Former deputy chairman of the Planning Commission Montek Singh Ahluwalia has suggested five key steps the Centre must take to handle the collapse in private consumption and private investment of this economy.
In a 35-minute interview with Karan Thapar for The Wire, Ahluwalia who is one of India’s most highly regarded economic administrators has suggested five steps to ensure the economy quickly recovers to pre-pandemic levels and its growth accelerates beyond the 4% levels of 2019-20.
While explaining his suggestions, Ahluwalia said the finance minister of should be prepared to let the fiscal deficit rise to levels of around 7.5% given a clear pathway of reforms is simultaneously calculated.
A distinguished fellow at the Centre for Social Economic Progress, Montek Singh Ahluwalia, said the Centre must first provide adequate income support, especially for the poor in order to handle the collapse in private consumption which has regressed to about the same level as in 2017-18. However, the Centre shouldn’t start new schemes but “jack up” existing schemes like MGNREGA, old-age pensions, etc, he said.
The second step suggested by Mr. Ahluwalia is that the Central government must facilitate payments that are held up. Citing a recent announcement by the commerce minister that Rs 50,000 crore owed to exporters would be paid immediately, he said this is “a no-brainer and should have been done a long time ago”.
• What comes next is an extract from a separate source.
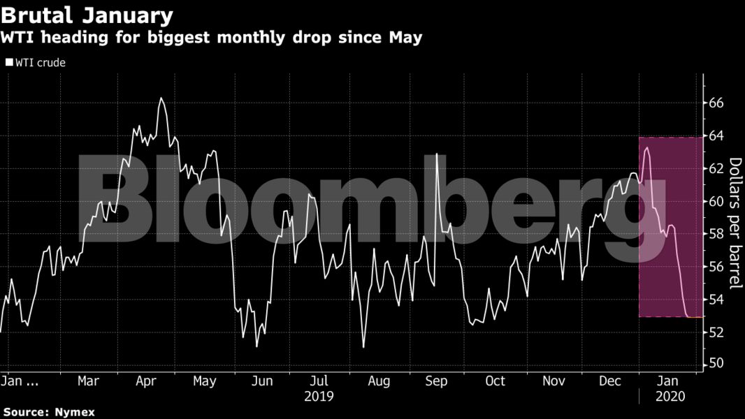 “Τα μεσοπρόθεσμα συμβόλαια του Δυτικού Τέξας για την παράδοση του Μαρτίου δεν άλλαξαν παρά ελάχιστα, καθώς είναι στα 53,13 δολάρια το βαρέλι στο Χρηματιστήριο Εμπορευμάτων της Νέας Υόρκης από τις 2:35 μ.μ. στη Σιγκαπούρη, αφού υποχώρησε έως και 0,7% νωρίτερα. Τα συμβόλαια έκλεισαν στις 53,14 δολάρια τη Δευτέρα, ύψος που είναι το χαμηλότερο από τις 15 Οκτωβρίου 2019. Μέχρι στιγμής, η τιμή έχει μειωθεί γύρω στο 12% τον Ιανουάριο και συνεπώς μιλάμε για τη μεγαλύτερη μηνιαία πτώση από τον περασμένο Μάιο.

Ahluwalia gave the third suggestion, saying that public sector corporations must expedite investment activity. Fourth, the Centre must take steps to correct hindrances in the banking system, making sure that lending picks up. Currently, it’s around 6% in nominal terms and nowhere near sufficient, he added.
Fifth, the government must try and make sure that at least 80% of the adult population is administered both doses by the end of the year, he said. However, even if that it’s impossible as most people think, Ahluwalia said, the Centre must set clear and definite vaccination drive targets and strive to achieve them.
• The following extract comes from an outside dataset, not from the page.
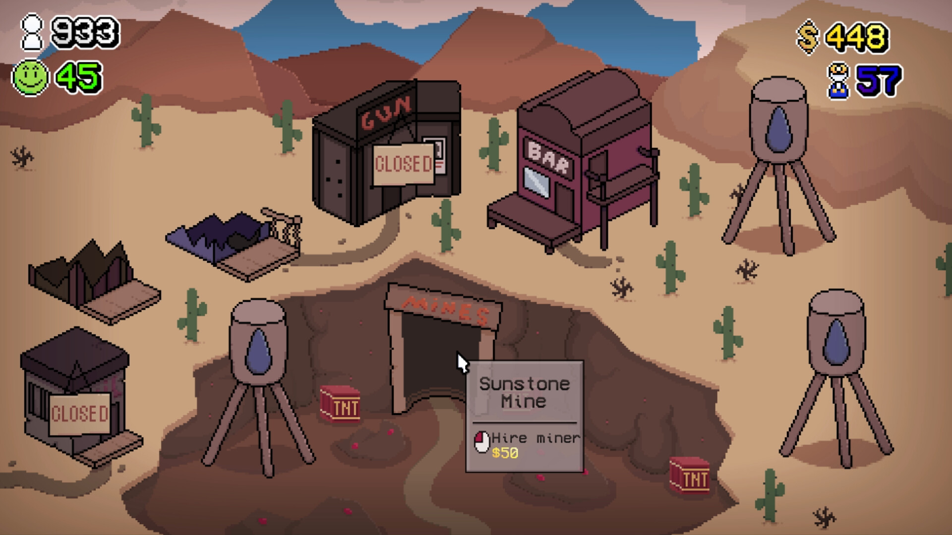 Different gimmicks that spice up the gameplay experience. like being able to hire workers for extra money, or controlling the press to rile up the people. All with the end goal of making the citizens leave.

Talking about the state of the economy, Montek Ahluwalia said the collapse in private consumption “is clearly not good news, it certainly is a problem. If consumption has fallen so far it’s difficult to believe we can see economic recovery without a very substantial recovery in consumption”, he added.
Quarter 1 results reveal that private consumption is 12% below pre-Covid levels and it is exactly at the same level as it was in th year 2017-18. Considering that private consumption is 56% of GDP and, thus, by far the biggest engine driving the Indian economy, it’s crucial to take steps to correct this collapse.edited 12:02
Ahluwalia talking about the sharp rise in agricultural employment, which grew from 42.5% in 2018-19 to 45.6% in 2019-20, said this was evidently distress employment taken by people who lost better-paying jobs as a way of keeping “body and soul together”. “The growth in agricultural employment is not a positive development at all”, he added.
Ahluwalia, in the interview to The Wire, discusses how most of the increase in employment of agriculture is in terms of unpaid family workers. Of which many are also women, even if not the majority. This sharp increase of women in agricultural employment is another sign of distress and not good news.
Talking about surveys conducted by PEW, including the Azim Premji University that suggest a huge number of people have fallen below the poverty line since the start of the Covid-19 pandemic, Singh said “if 100 million people have fallen below the poverty line it would not surprise me.”
It looks as if “much or all of the good performance of the economy under UPA, when 140 million people were pulled out of poverty, has been reversed,” Ahluwalia said. However, this could be easily fixed if the economy starts growing. He added it doesn’t mean that this 100 million have fallen below the poverty line irreversibly.